Occasionally, my editor would remind me that I have written about balls and pucks, but never monster trucks. To complete the subject matter trifecta reflected in the column’s name, I had to remedy that. Of course, monster-truck shows rarely come to town. Given this problem, we agreed that “Gravity Slashers,” a motorcycle stunt show playing the Civic Center a couple weeks back, was close enough.
I will admit having never understood the allure of motor sports. They remind me of Charlotte, North Carolina. In 1991, I spent a month there on a puppet-show internship (don’t ask), and in Charlotte, everyone looked at me like I was an embarrassing moron because I couldn’t immediately proclaim my favorite NASCAR driver. I hated that. Thirteen years later, in 2003, I happened to catch Ricky Craven’s legendary squeaker over Kurt Busch at Darlington live as it happened, but even that, a historically close finish won by a Mainer, failed to ignite any latent gear-head passion.
I don’t want to sound disrespectful, but to me, motor sports are like Jane Austen. I can’t get into them, but so many people do that I can readily acknowledge that they must have virtues. It’s just that those virtues are not readily apparent to me. Maybe I have yet to experience motor sports and Jane Austen in the right context. Maybe I’m just a philistine.
With these preconceptions firmly in place I went to the show, and immediately realized, upon walking in the door, that spending money on beer was unnecessary. All the exhaust fumes in the air provided a free buzz. Yuck. As for the show itself, I will say this: doing a mid-air back flip on a motorcycle (the night’s top stunt) is a pretty cool trick, but when the riders do it over and over again it gets old. “Gravity Slashers” had 15 minutes’ worth of cool stunts stretched out over two hours. Yawn. Jane Austen’s novels have the same problem. Her one literary trick is a hell of a trick, but it quickly wears thin with repetition.
Nominally, “Gravity” Slashers was a competition. The announcer referred to scores and judges, but I didn’t see any judges.
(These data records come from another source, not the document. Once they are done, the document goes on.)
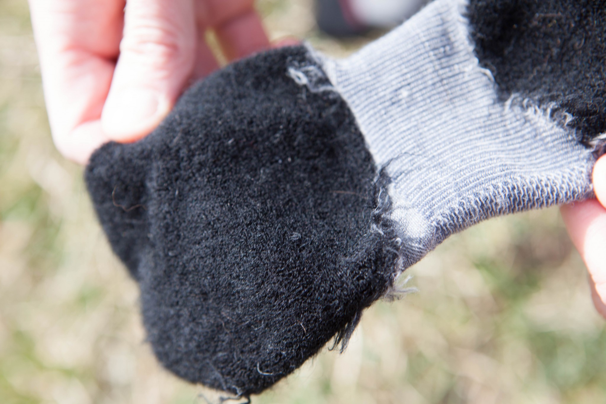 This sock performed up there with the best when it came to wicking moisture away from the foot, roughly the same as the Thorlo Experia XCCU, but not as good as the very unique DryMax Running Mini Crew, our Top Pick for Wicking. After the 15-minute on-the-foot test we found that there was quite a bit of moisture still present on the outside of the sock, but that the inside, especially the wool padded areas, were much dryer. This led us to conclude that the heat from our foot was indeed helping moisture to wick through the wool fibers of this sock. In the one-hour drying test, our findings were validated. The wool pads on the inside of the sock were once again the driest parts, showing that they didn't absorb as much moisture as the nylon fibers, and also dried out faster. We gave this sock 8 out of 10 points for wicking, and think that it is a great choice for runners who often run in wet or rainy conditions.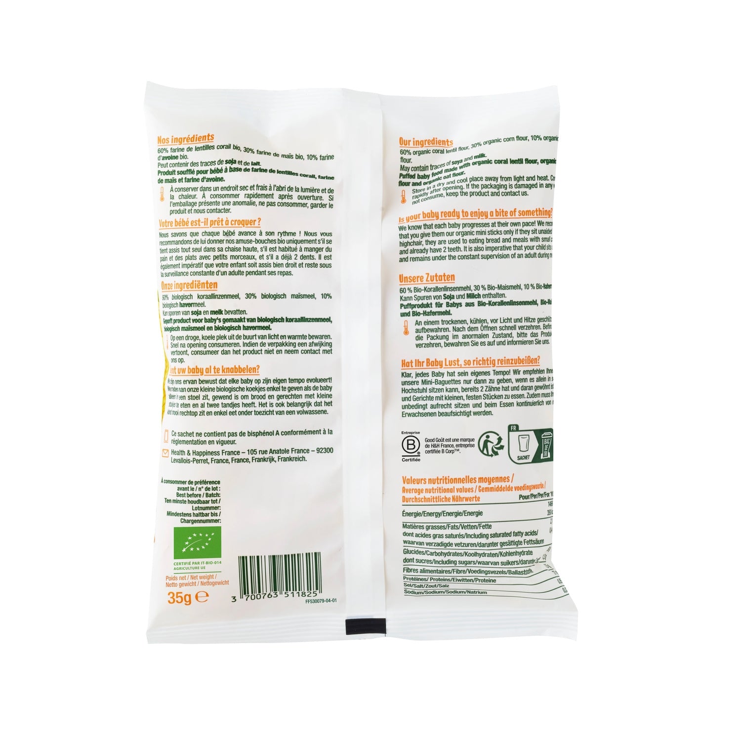Amuse-Bouches Bébé Dès 10 Mois Lentilles Corail Maïs et Avoine Bio les Amuse Bouches GOOD GOUT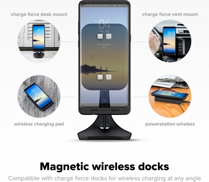 Чехол-аккумулятор Mophie Juice Pack 2950 mAh для Samsung Galaxy Note 8 Mophie Juice Pack 2950 mAh представляет собой стильный и функциональный чехол-аккумулятор для смартфона Samsung Galaxy Note 8. Встроенная в аксессуар батарея имеет высокую емкость и позволяет продлить работу коммуникатора до 33 часов. Такое решение позволит вам отправится в дорогу, не переживая о том, что вы останетесь без связи в местах, где нет доступа к энергосети. Аксессуар имеет тонкий дизайн и практически не увеличивает зрительно телефон. Чехол-аккумулятор Mophie Juice Pack плотно облегает корпус Samsung Galaxy Note 8, повторяя все его линии и изгибы. Имеет немного приподнятый профиль для дополнительной защиты экрана. Аксессуар оставляет в свободном доступе все функциональные разъемы и интерфейсы коммуникатора. К тому же, чехол способен защитить смартфон от механических повреждений и образований на поверхности его корпуса грязи. Mophie Juice Pack имеет встроенный аккумулятор емкостью 2950 мАч и обеспечивает более долгий срок службы штатной батареи Samsung Galaxy Note 8. Чехол имеет LED-индикацию, отображающую уровень заряда встроенной в него батареи. Модель поддерживает практически все виды беспроводных зарядок, а встроенные магниты позволят закреплять телефон в специальных держателях. Зарядка чехла осуществляется одновременно со смартфоном, при этом коммуникатор будет заряжаться первым.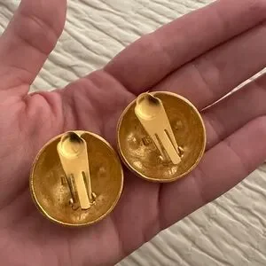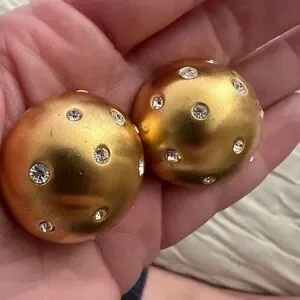 Elegant gold stud earrings adorned with sparkling rhinestones. Perfect for adding a touch of glamour. Runway. Designer

When the motorcycle drivers took a break a bunch of dudes on BMX bikes came out to amuse the crowd with less impressive tricks. It reminded me of the way Pop Warner football teams sometimes play a quick game on NFL fields during halftime, except that it was far less entertaining. Already convinced that the show was lame, a few days later I saw a commercial for “Nuclear Cowboyz,” a motor cross promotion at TD Garden. It was similar, but “Nuclear Cowboyz” had go-go dancers, pyrotechnics, and “Grinder Girl,” a beautiful woman in a metal shop bustier who uses a grinder to make sparks shoot off her tiny outfit while she dances around. That’s pretty cool! Why can’t Portland get the Grinder Girl show? A little industrial vaudeville would have spruced the moribund “Gravity Slashers” right up.
As it was, the evening’s most memorable moment came last, after the show, when I was standing outside the Civic Center parking garage as all the Fords and Chevys within came out of the building. Every driver peeled onto Spring Street, squealing their tires in the snow as if they were Burt Reynolds and Dom DeLuise beginning the Cannonball Run. I laughed, even though I didn’t get it, and then, despairing of ever caring about motor sports, I walked home and picked up my copy of Mansfield Park. Might as well give Jane another try, too.